One of the key considerations when designing a experiment is the sample size. In general, decreasing the sample size will decrease the accuracy of the results. But what effect does decreasing the sample size have on the distribution of sample means?

Checkout this video:

## Introduction

As the sample size decreases, the spread of the distribution of sample means decreases. The distribution becomes more concentrated around the mean.

## Theoretical Results

As the sample size decreases, the distribution of sample means approaches a normal distribution. This is due to the Central Limit Theorem, which states that the distribution of the sample means will be normal, regardless of the distribution of the population. Let’s take a look at how this works.

### The Central Limit Theorem

The Central Limit Theorem is one of the most important results in statistics. It tells us that, under certain conditions, the distribution of the sum (or average) of a large number of independent random variables will be approximately normally distributed, regardless of the underlying distribution of the individual random variables.

This result is known as the “weak law of large numbers,” and it is the foundation for many powerful statistical methods, including the analysis of means, hypothesis testing, and inference for proportions.

To understand the Central Limit Theorem, it helps to first consider what happens to the distribution of a single random variable as we take more and more samples. If we are sampling from a population with a known mean and variance, then we know that the distribution of the sample means will be Normally distributed with a mean equal to the population mean and a variance equal to the population variance divided by the sample size.

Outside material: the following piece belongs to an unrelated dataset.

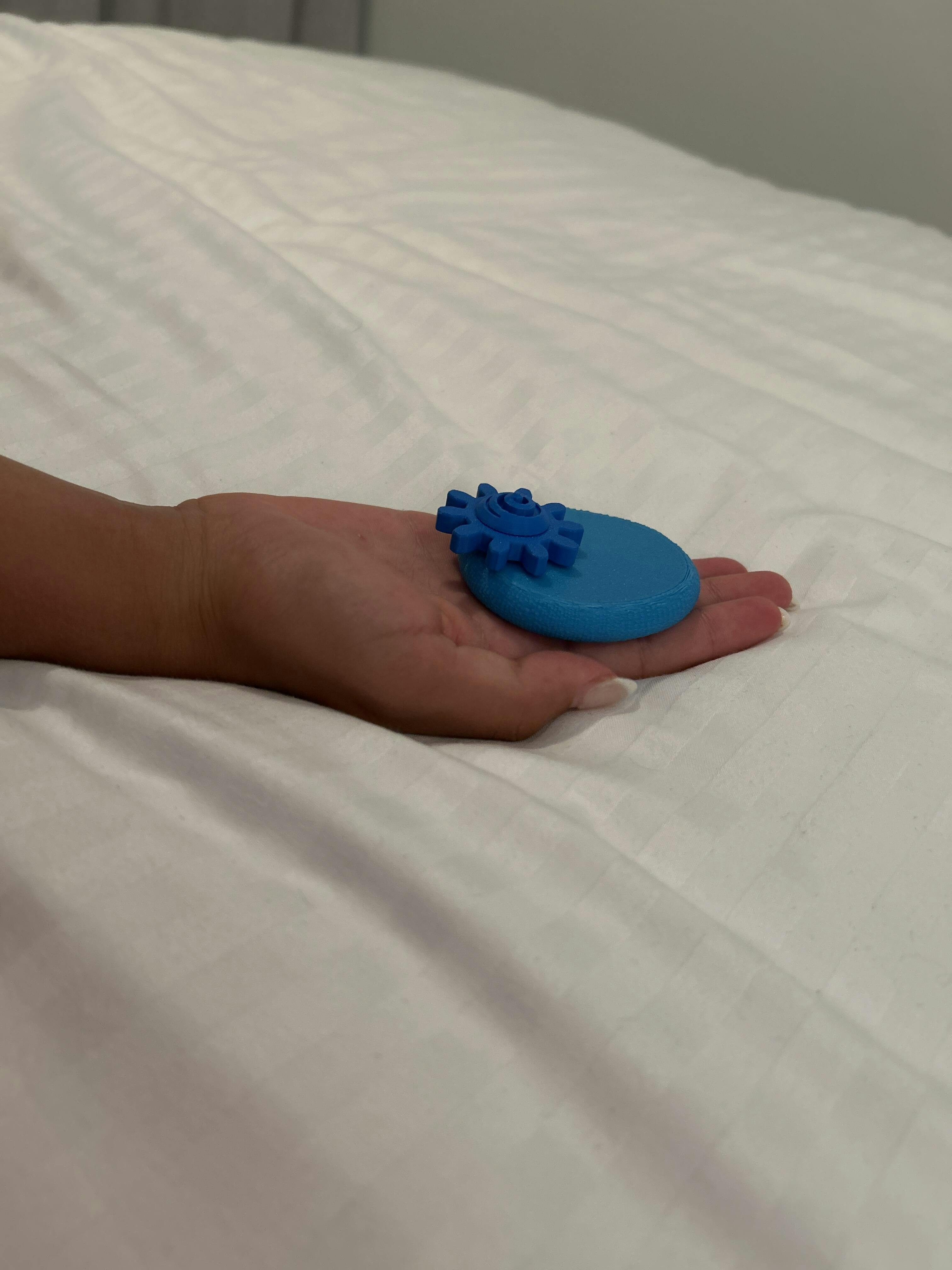 breath 2 - turn the base, so that the bottom of the base is facing up. Place your index finger and your middle finger on the bottom of the base and your thumb on the 'eko' logo. To keep the gear spinning continuously, blow on the side of the teeth where the teeth hits the bottom of the base, hold the base close to your mouth and blow gently let it spin. Try counting 1-2-3 when inhaling, then hold 1-2-3 and exhale 1-2-3, and repeat this until you start feeling relaxed and more present in the moment

As we take more and more samples, however, something strange happens: even if we are sampling from a population with a non-normal distribution, the distribution of the sample means begins to look more and more like a Normal distribution! This phenomenon is illustrated in the figure below:

![alt text](https://i.imgur.com/ CentralLimitTheorem.png)

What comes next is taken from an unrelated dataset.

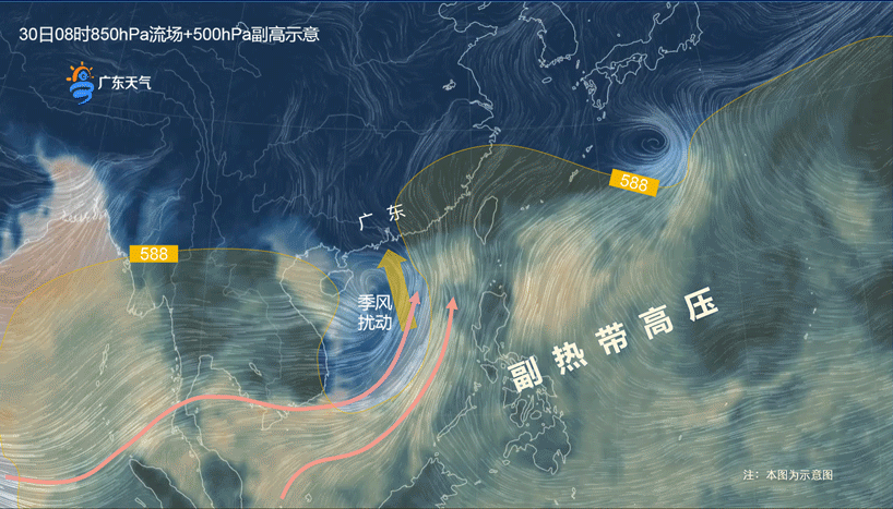 大风预报:5月30日至6月1日,南海北部、广东海面有7级~9级大风;5月31日至6月1日,广东沿海市县平均风6级~8级,阵风9级

As you can see in this figure, as we take more and more samples (n), the distribution of the sample means approaches a Normal distribution with a mean equal to the population mean (μ) and a variance equal to the population variance (σ2) divided by n. In other words, regardless of whether or not the underlying population is Normally distributed, as n gets larger and larger, our sampling distributions will look increasingly like Normal distributions!

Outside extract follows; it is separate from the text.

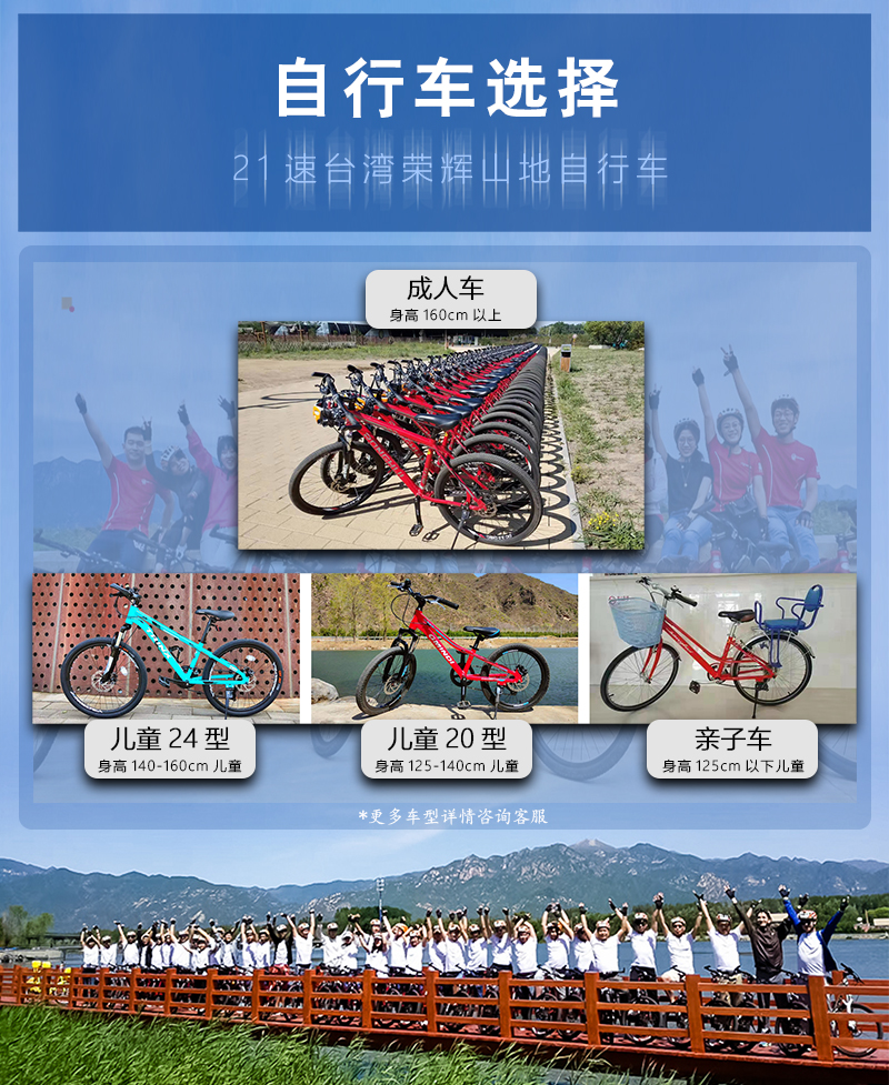 2)自行车:21速山地自行车及骑车护具(儿童用车请报名时说明,费用同成人);

### The Standard Error of the Mean

If you take a random sample of size 100 from a population, the mean of that sample will not be exactly equal to the mean of the population. If you take another random sample of size 100 from the same population, the second sample may have a different mean. In fact, if you took many such samples and calculated the means of each, they would all be slightly different. The distribution of these means is called the sampling distribution of the mean. It can be shown that this sampling distribution has certain properties. One important property is that its standard deviation is equal to:

standard error = standard deviation / square root(sample size)

This formula is very important because it tells us how much variation we can expect in the means of our samples if we keep everything else constant. For example, suppose we want to know how much difference there is between the average heights of men and women in our population. We could take a random sample of men and women and calculate their respective means. Even if men and women have different average heights in our population, it’s unlikely that the first sample we took would have exactly equal means. But if we took many samples (each consisting of a random selection of men and women), then calculated the means for each sample, we would expect that most (if not all) of those means would fall fairly close to each other. In other words, there would be little variation in the means from one sample to another. On the other hand, if we took only one sample consisting of just 10 men and 10 women, then it’s quite possible that the mean height for men in our sample would be very different from the mean height for women in our sample (even though men and women have equal average heights in our population). This is because there is more variation in a small sample than there is in a large sample. The standard error formula tells us how much variation to expect in the means of our samples; the smaller the standard error, the less variation we should expect.

## Simulation Results

A smaller sample size will cause the distribution of sample means to be more dispersed. This can be seen in the simulation results below. As the sample size decreases, the spread of the distribution increases.

### Varying the Sample Size

As the sample size decreases, the distribution of the sample means becomes more spread out. This is because there is more variability in the estimates when there are fewer data points. In general, as the sample size increases, the variability of the estimates decreases.

### Varying the Population Standard Deviation

The population standard deviation (σ) is a measure of how spread out the values are in a population. The larger the standard deviation, the more the values are spread out. For example, suppose we have a population with μ = 100 and σ = 10. The distribution of values would be fairly tight, with most of the values falling between 90 and 110:

Now, let’s say we decrease the standard deviation to σ = 5. The distribution of values would be even tighter, with most of the values falling between 95 and 105:

As you can see, when the population standard deviation is smaller, the distribution of sample means will be tighter (less spread out).

## Conclusion

A smaller sample size will produce a narrower distribution of sample means. This is because there is less variability in the data when there is a smaller number of data points. When the sample size is increased, the distribution of sample means becomes more spread out because there is more variability in the data.